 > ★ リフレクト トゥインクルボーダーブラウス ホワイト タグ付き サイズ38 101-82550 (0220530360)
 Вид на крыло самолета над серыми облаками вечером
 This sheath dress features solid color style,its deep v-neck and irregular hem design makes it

...

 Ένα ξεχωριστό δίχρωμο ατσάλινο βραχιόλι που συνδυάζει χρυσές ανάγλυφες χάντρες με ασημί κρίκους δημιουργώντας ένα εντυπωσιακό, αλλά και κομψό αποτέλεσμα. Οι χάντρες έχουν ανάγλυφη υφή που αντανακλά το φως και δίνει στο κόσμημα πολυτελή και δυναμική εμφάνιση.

▶ [REQUIRED ACTION]: Look above for the line with "サイズ38 101-82550 (0220530360)"; retype exactly that line, every line after it up to the line with "This sheath dress", and that line too, nothing else.

▶ [SOLUTION BELOW]:
 > ★ リフレクト トゥインクルボーダーブラウス ホワイト タグ付き サイズ38 101-82550 (0220530360)
 Вид на крыло самолета над серыми облаками вечером
 This sheath dress features solid color style,its deep v-neck and irregular hem design makes it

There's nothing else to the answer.